# Dont know if its what I want



## feelinglost11 (Jul 6, 2015)

I need help! Here is my situation, I've been married for 4 years we have two beautiful boys two and four years old. We recently just moved into a brand new house a month ago which requires both of our salary. but I find myself very unhappy. I am no longer in love with my husband and haven't been for a while. but I figured it was just a phase. now I don't know what to do I feel stuck, the weird thing is we get along great we never fight but we also never really see each other until the weekend since we were two different shifts. I feel like I rushed into life way to fast im only 26. I just dont know what to do .. I want to be in love and find myself. Is that wrong?


----------



## Happilymarried25 (Mar 19, 2014)

One of you find a job that matches the others hours so you can spend more time together. Try that first before you break up your family and your boys have to grow up without their Dad in the house. You are a working wife and Mom what else do you need? This is the life you made for yourself and once your have children they come first and living in a single parent household is not what is best for them.


----------



## Mr.Fisty (Nov 4, 2014)

You have grown detached over time. For a relationship to remain strong, it takes time, energy, intimacy that is just between you and him.

You need to communicate your feelings to him, and when communicating this, use we instead of you. 

Example. "Honey, I feel like we are disconnected. I want us to work together to set our relationship on a better path."

Start with that and see if you can reconnect.

Marrying young, and still developing at a high rate into your own person, you will have more self-awareness of what you want from life. Young adults still lack the maturity to make life decisions because the area of the brain that is responsible for it is not fully developed until your mid to late twenties.

It is rare that when people that marry young last. Some manage to grow together. Over the years, the two of you grew away from each other without the others influence.

Trying to reconnect can help to see if there is enough there to continue a relationship or not. But it will take effort on both parts and learning to communicate with one another.


----------



## Yeswecan (Jul 25, 2014)

Passing each other like to ships in the night is not conducive to a healthy marriage. One will need to change the work schedule. Your child will need daycare. It is unfortunate you thought this was just phase.
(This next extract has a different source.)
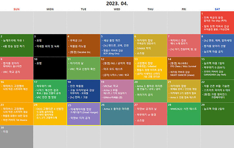 ① 이세계아이돌 합방: 드레드헝거 ② 익명W: 티저 공개 ③ 아르마3: 이름표 스크립트 테스트 ④ 4,5월 일정 잡기 ⑤ WWE2K22 컨텐츠 구상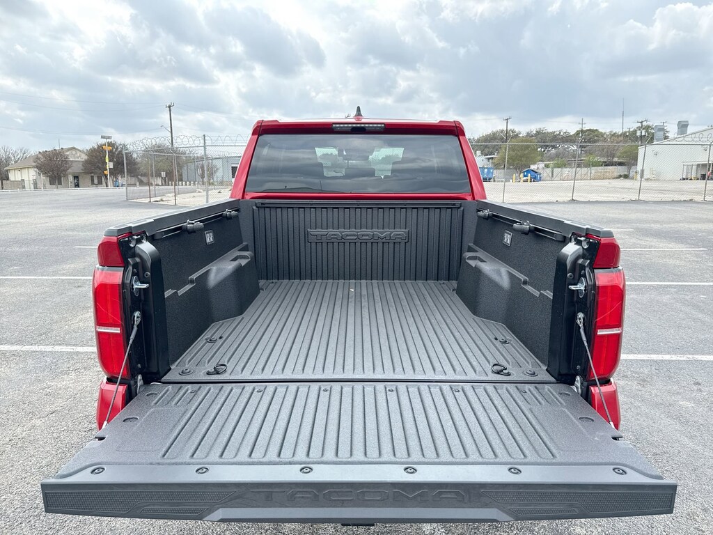 Welcome to Cavender Toyota, a Cavender Auto Family dealership. This vehicle is located at 5730 NW Loop 410, San Antonio, TX 78238. Here at Cavender, we build relationships based on trust and integrity to exceed your expectations in your ownership experience. Quite simply, we strive to Make Confidence Happen! So stop by and allow us to serve your automotive needs; we would love to meet you.Red 2026 Toyota Tacoma TRD Sport RWD 8-Speed Automatic 2.4L 4-CylinderFeatures: TRD Sport Package, 3.583 Axle Ratio, 4-Wheel Disc Brakes, 6 Speakers, ABS brakes, Air Conditioning, Alloy wheels, AM/FM radio: SiriusXM, Anti-whiplash front head restraints, Apple CarPlay/Android Auto, Auto High-beam Headlights, Auto-dimming Rear-View mirror, Automatic temperature control, Bed Step, Brake assist, Bumpers: body-color, Driver door bin, Driver vanity mirror, Dual front impact airbags, Dual front side impact airbags, Electronic Stability Control, Emergency communication system: Safety Connect (up to 10-year trial subscription), Exterior Parking Camera Rear, Fabric Seat Trim, Four wheel independent suspension, Front anti-roll bar, Front Bucket Seats, Front Center Armrest, Front fog lights, Front reading lights, Fully automatic headlights, Heated door mirrors, Illuminated entry, Knee airbag, Leather Shift Knob, Leather steering wheel, Low tire pressure warning, Occupant sensing airbag, Outside temperature display, Overhead airbag, Overhead console, Panic alarm, Passenger door bin, Passenger vanity mirror, Power door mirrors, Power steering, Power windows, Radio: 8" Toyota Audio Multimedia, Radio: Premium Audio with 14" Display, Rear step bumper, Rear window defroster, Remote keyless entry, Removable Predator Step, Security system, Speed control, Speed-sensing steering, Split folding rear seat, Spray-on Bed Liner, Steering wheel mounted audio controls, Tachometer, Telescoping steering wheel, Tilt steering wheel, Traction control, Trip computer, Turn signal indicator mirrors, Variably intermittent wipers, and Wheels: 18" TRD Sport Alloy.

The problem is you signed on for this. Your H non-the-wiser. Not telling your H before signing the mortgage was wrong. Wanting to reconnect with your H is not wrong at all. The only way to make this work is finding jobs that allow you both 16 plus hours per week to be together.


----------



## SecondTime'Round (Jan 15, 2015)

feelinglost11 said:


> I am no longer in love with my husband and haven't been for a while.


Why do you think this is?

Is he in love with you?


----------



## happy as a clam (Jan 5, 2014)

Were you ever really in love with him? With strong chemistry, mutual attraction, and a satisfying sex life?

Or do you feel that you just "settled"?

What about his feelings for you?

Very important info for us to be able to offer advice or opinions.


----------



## RoseAglow (Apr 11, 2013)

It takes time and attention for spouses to stay in love. You need to spend more time together.

How can you change your jobs so that you are working the same shifts? That will be priority.

I understand that you might not want to put your kids in daycare. If you get divorced, you are going to have to figure out their day time care, but with much less money.

Therefore, I recommend that you have an honest talk with your husband and that you brainstorm together to find a way to get your jobs aligned.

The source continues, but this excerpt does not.